Unnamed: 0_level_0,name,categories,location.lat,location.lng
id,Unnamed: 1_level_1,Unnamed: 2_level_1,Unnamed: 3_level_1,Unnamed: 4_level_1
4ad4c05ff964a5200cf720e3,5,5,5,5
4ad4c05ff964a52014f720e3,3,3,3,3
4ad4c062f964a52000f820e3,1,1,1,1
4ad4c062f964a52011f820e3,4,4,4,4
4ad4c063f964a5203ff820e3,4,4,4,4
...,...,...,...,...
5fa59dbcb9755669c261a8f1,1,1,1,1
5faa56a1f561ff59324b4001,3,3,3,3
5febba6d14d53c1e12bf5372,1,1,1,1
6015d71b38deb728dff4bde2,1,1,1,1


##### We have 684 unique venues. Let's leave them only

In [288]:
df_Toronto_venues.drop_duplicates(subset=['id'], keep='first', inplace=True, ignore_index=True)
df_Toronto_venues.shape

(684, 5)

##### Let's look what we finally get

In [289]:
df_Toronto_venues

Unnamed: 0,id,name,categories,location.lat,location.lng
0,50fb1994e4b0d5fd052ed832,King's Vegetarian Food 觀自在,Grocery Store,43.786749,-79.270004
1,4d862b8ef1e56ea85e38988a,Midtown Food Court,Food Court,43.785134,-79.278878
2,4dbc40d7815439392f9cf0ce,大泉港式快餐 Great Fountain Fast Food,Food Court,43.786835,-79.277400
3,4bdc7e67fed22d7ffd6c58c9,Dynasty Centre Food Court,Food Court,43.786869,-79.277407
4,4c6dd5dd06ed6dcbd338a522,Rainbow Food,Chinese Restaurant,43.784946,-79.277958
...,...,...,...,...,...
679,4c5704a330d82d7f30dbd862,M&M Food Market,Grocery Store,43.757220,-79.234778
680,4f380d00e4b039c3c31e1dd4,Harry's West Indian Fine Foods,Grocery Store,43.759580,-79.223818
681,5856dbaf52a0510ab8aaf845,Jian Hing Foodmart,Supermarket,43.760999,-79.226707
682,4bd2111477b29c7455e88d82,Kitchen Food Fair,Convenience Store,43.751298,-79.401393


### 5.6. Let's save Toronto venues result dataframe into csv file

In [292]:
df_Toronto_venues.to_csv(r'/Users/borisyushenkov/Desktop/DS_ML_NN/IBM/C9_Capstone/Toronto_venues_food_1km.csv')

In [293]:
df_venues = pd.read_csv(r'/Users/borisyushenkov/Desktop/DS_ML_NN/IBM/C9_Capstone/Toronto_venues_food_1km.csv', index_col=0)
df_venues.shape

(684, 5)

##### DONE!  Now we have location and categories data of all competing venues in Toronto

_____________________________________________________________________________________________

## 6. Plotting maps to visualise data collected

Now we will plot:
- map of Toronto with Neighborhoods location; 
- map of Toronto with purchasing power (PP) of each Neighborhood;
- map of Toronto with locations of competing venues.

In [294]:
import folium

### 6.1. Convert the Toronto central point to its latitude and longitude coordinates

In [446]:
address = 'Toronto, Ontario'
geolocator = Nominatim(user_agent="foursquare_agent")
location = geolocator.geocode(address)
lat_Toronto = location.latitude + 0.06  # "latitude+0.06" make map centered better
lng_Toronto = location.longitude

### 6.2. Create a map of Toronto with neighborhoods superimposed on top

In [457]:
map_1 = folium.Map(location=[lat_Toronto, lng_Toronto], zoom_start=11)   

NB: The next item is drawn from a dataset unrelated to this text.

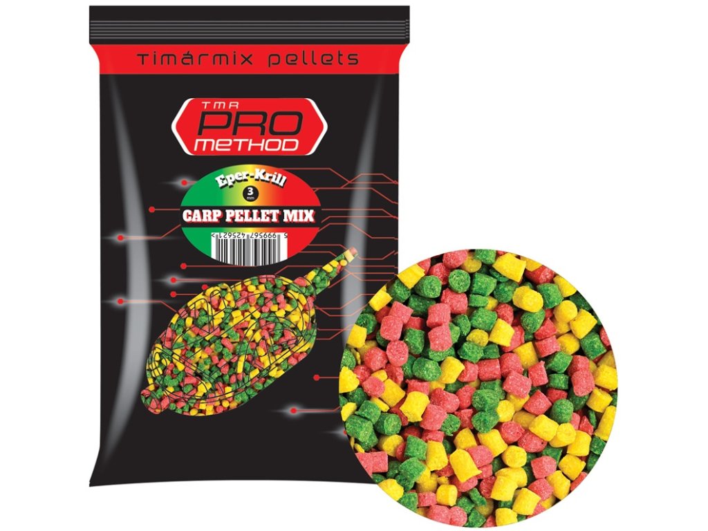 A Pro Method Carp Pellet 1,5 és 3 mm-es változataival széleskörűen felhasználható, önmagában és etetőanyag-adalékként is. Tartalmát tekintve – a 4 évszakos keverékekkel ellentétben – nem dominálnak a szénhidrátok a hal/hal-liszt összetételben, és ízvilágát tekintve mindhárom változat olyan kombinációkból áll, amelyeket a pontyos halak kedvelnek. Ugyanez elmondható a színekről is, mivel a sárga, narancssárga, piros és zöld mind olyan színek, amelyek árnyalatai valószínűleg felkeltik és élénkítik a halak figyelmét.

for lat, lng, neighborhood in zip(
    df_pp['Latitude'], 
    df_pp['Longitude'], 
    df_pp['Neighborhood']):
    
    label = '{}'.format(neighborhood)
    label = folium.Popup(label, parse_html=True)
    folium.CircleMarker(
        [lat, lng],
        radius=5,
        popup=label,
        color='blue',
        fill=True,
        fill_color='#3186cc',
        fill_opacity=0.7,
        parse_html=False).add_to(map_1)

map_1.save("Toronto_with_Neighborhoods.html")
map_1

# NOTE! If you do not see the map here, please find in repo folder https://github.com/Bobushka/Coursera_Capstone under the corresponding name

### 6.3 Create a map of Toronto with purchasing power (PP) of each Neighborhood

In [501]:
map_2 = folium.Map(location=[lat_Toronto, lng_Toronto], zoom_start=12, tiles='CartoDB positron')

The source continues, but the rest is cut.